== Segment start ==

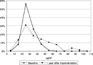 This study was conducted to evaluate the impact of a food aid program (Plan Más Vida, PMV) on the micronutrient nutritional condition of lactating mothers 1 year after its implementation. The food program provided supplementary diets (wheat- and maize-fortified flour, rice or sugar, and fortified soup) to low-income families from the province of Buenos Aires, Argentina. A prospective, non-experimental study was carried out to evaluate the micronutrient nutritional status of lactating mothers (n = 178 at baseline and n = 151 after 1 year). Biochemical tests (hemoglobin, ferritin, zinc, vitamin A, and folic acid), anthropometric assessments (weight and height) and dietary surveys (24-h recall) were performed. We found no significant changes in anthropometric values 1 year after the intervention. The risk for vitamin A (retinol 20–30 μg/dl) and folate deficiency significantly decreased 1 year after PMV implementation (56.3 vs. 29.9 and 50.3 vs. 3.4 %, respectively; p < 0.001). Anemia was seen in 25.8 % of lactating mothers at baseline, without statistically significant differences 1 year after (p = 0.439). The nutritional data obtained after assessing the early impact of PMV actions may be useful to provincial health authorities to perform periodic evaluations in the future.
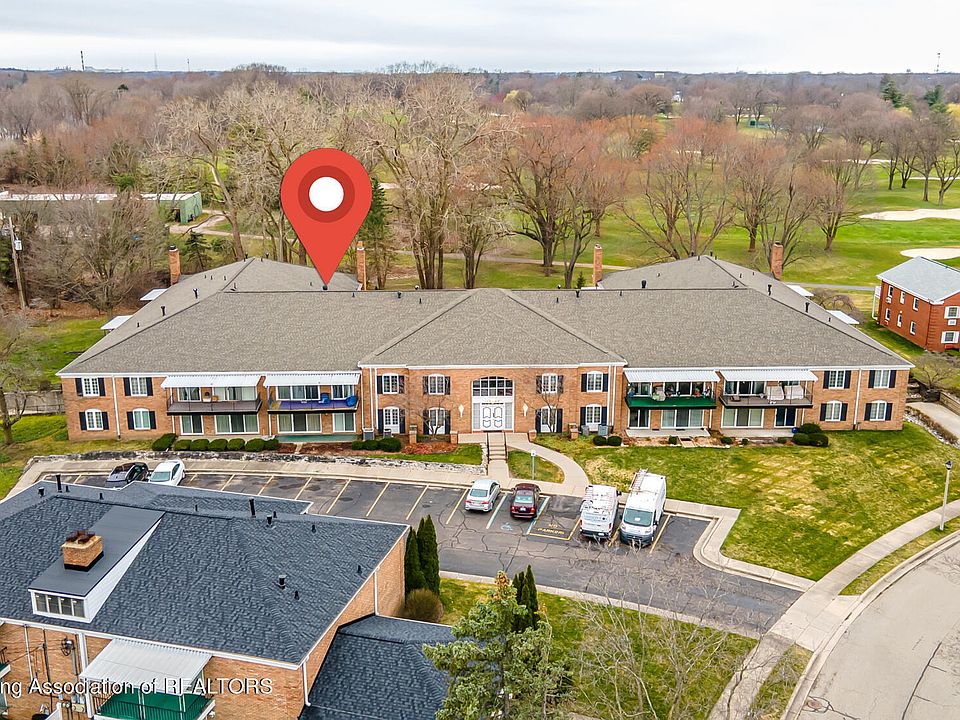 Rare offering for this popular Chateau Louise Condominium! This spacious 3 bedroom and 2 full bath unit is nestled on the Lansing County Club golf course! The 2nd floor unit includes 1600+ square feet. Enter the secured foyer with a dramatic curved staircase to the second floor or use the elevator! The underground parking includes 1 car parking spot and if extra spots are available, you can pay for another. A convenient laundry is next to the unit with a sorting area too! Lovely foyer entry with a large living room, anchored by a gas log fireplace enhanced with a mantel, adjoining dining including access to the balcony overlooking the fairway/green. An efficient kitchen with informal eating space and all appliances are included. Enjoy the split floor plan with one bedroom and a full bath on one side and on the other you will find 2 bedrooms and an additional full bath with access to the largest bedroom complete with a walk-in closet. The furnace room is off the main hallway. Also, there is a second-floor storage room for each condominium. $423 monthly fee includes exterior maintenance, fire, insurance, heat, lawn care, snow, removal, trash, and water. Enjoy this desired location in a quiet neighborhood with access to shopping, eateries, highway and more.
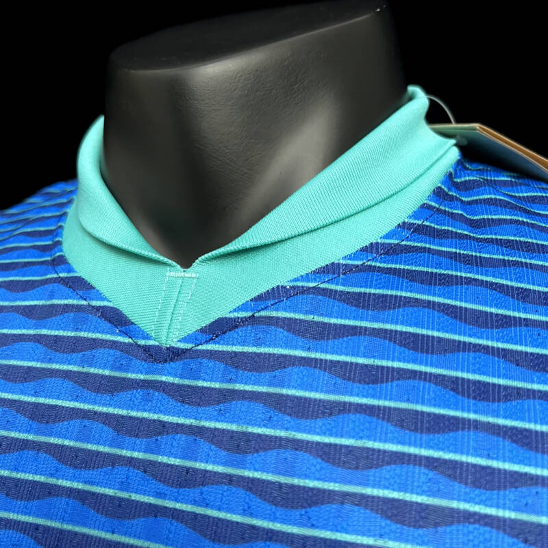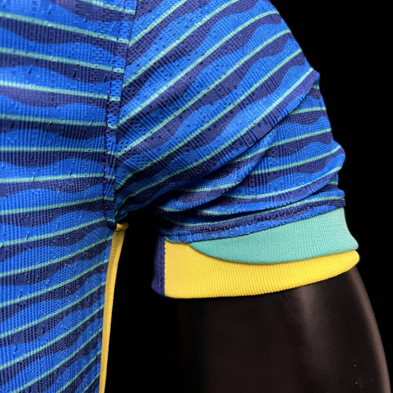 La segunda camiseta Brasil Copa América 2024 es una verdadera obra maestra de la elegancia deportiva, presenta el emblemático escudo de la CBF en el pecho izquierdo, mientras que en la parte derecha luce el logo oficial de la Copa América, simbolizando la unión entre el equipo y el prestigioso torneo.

== Segment end ==
== Segment start ==

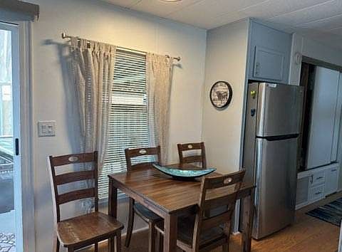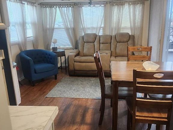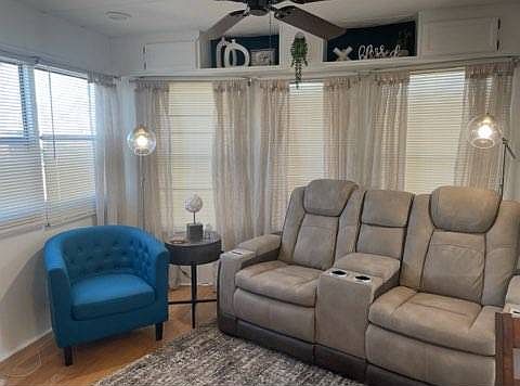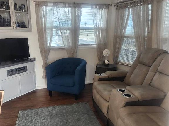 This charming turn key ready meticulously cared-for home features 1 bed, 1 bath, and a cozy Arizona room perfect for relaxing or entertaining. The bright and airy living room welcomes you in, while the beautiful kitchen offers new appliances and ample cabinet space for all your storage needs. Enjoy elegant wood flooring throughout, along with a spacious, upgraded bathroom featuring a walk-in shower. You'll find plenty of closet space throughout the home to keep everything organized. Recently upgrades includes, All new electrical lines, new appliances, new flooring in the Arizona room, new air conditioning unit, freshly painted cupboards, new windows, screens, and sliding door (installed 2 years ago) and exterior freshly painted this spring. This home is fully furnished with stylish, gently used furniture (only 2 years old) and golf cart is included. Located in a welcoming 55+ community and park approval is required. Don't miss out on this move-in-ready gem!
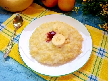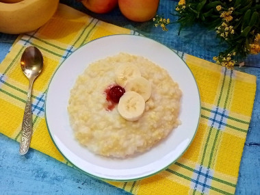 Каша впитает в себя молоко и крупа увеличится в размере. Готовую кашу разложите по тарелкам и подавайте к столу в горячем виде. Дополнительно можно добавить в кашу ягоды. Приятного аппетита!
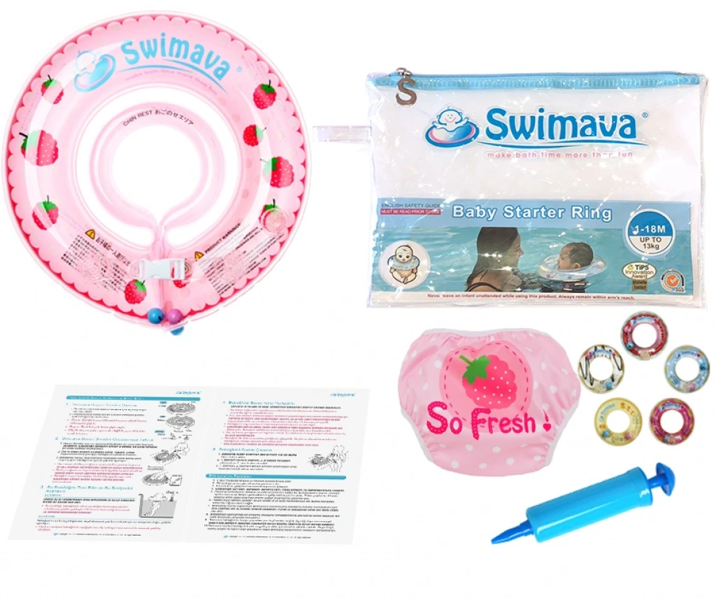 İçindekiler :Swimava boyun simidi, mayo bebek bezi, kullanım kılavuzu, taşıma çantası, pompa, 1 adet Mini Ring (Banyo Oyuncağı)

== Segment end ==

When you reach the line holding "This charming turn" in the listing above, begin retyping exactly, and stop once the line holding "İçindekiler :Swimava boyun" is done; pictures stay out.

 This charming turn key ready meticulously cared-for home features 1 bed, 1 bath, and a cozy Arizona room perfect for relaxing or entertaining. The bright and airy living room welcomes you in, while the beautiful kitchen offers new appliances and ample cabinet space for all your storage needs. Enjoy elegant wood flooring throughout, along with a spacious, upgraded bathroom featuring a walk-in shower. You'll find plenty of closet space throughout the home to keep everything organized. Recently upgrades includes, All new electrical lines, new appliances, new flooring in the Arizona room, new air conditioning unit, freshly painted cupboards, new windows, screens, and sliding door (installed 2 years ago) and exterior freshly painted this spring. This home is fully furnished with stylish, gently used furniture (only 2 years old) and golf cart is included. Located in a welcoming 55+ community and park approval is required. Don't miss out on this move-in-ready gem!
 Каша впитает в себя молоко и крупа увеличится в размере. Готовую кашу разложите по тарелкам и подавайте к столу в горячем виде. Дополнительно можно добавить в кашу ягоды. Приятного аппетита!
 İçindekiler :Swimava boyun simidi, mayo bebek bezi, kullanım kılavuzu, taşıma çantası, pompa, 1 adet Mini Ring (Banyo Oyuncağı)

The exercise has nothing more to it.